And when you get to a house or a store, you’ll stop and say there’s a man hurt down the road. A man who needs help. Tell it back, and be true.”
“Drive,” he said. His hands caressed the steering wheel as if he longed to be gone immediately. Roland supposed he did.
“Wake up, little by little. When I get to a house or store, tell them Stephen King’s hurt side of the road and he needs help. I know he’s still alive because he talked to me. It was an accident.”
He paused. “It wasn’t my fault. He was walking in the road.” A pause. “Probably.”
Do I care upon whom the blame for this mess falls? Roland asked himself. In truth he did not. King would go on writing either way. And Roland almost hoped he would be blamed, for it was indeed King’s fault; he’d had no business being out here in the first place.
“Drive away now,” he told Bryan Smith. “I don’t want to look at you anymore.”

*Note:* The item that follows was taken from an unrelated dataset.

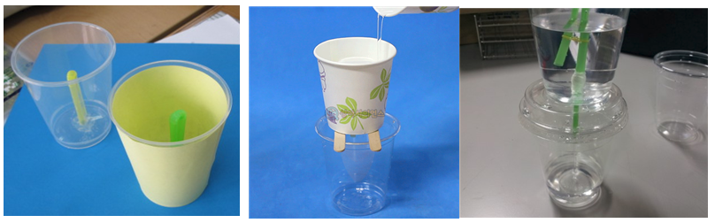 1. 완성된 컵에 물을 부어가며 언제 물이 나오는지 실험한다.

Smith started the van with a look of profound relief. Roland didn’t bother watching him go. He went to Mrs. Tassenbaum and fell on his knees beside her. Oy sat by Jake’s head, now silent, knowing his howls could no longer be heard by the one for whom he grieved. What the gunslinger feared most had come to pass. While he had been talking to two men he didn’t like, the boy whom he loved more than all odiers-more than he’d loved anyone ever in his life, even Susan Delgado-had passed beyond him for the second time. Jake was dead.
FIVE
“He talked to you,” Roland said. He took Jake in his arms and began to rock him gently back and forth. The ’Rizas clanked in their pouch. Already he could feel Jake’s body growing cool.
“Yes,” she said.
“What did he say?”
“He told me to come back for you ’after the business here is done.’ Those were his exact words. And he said, ’Tell my father I love him.’”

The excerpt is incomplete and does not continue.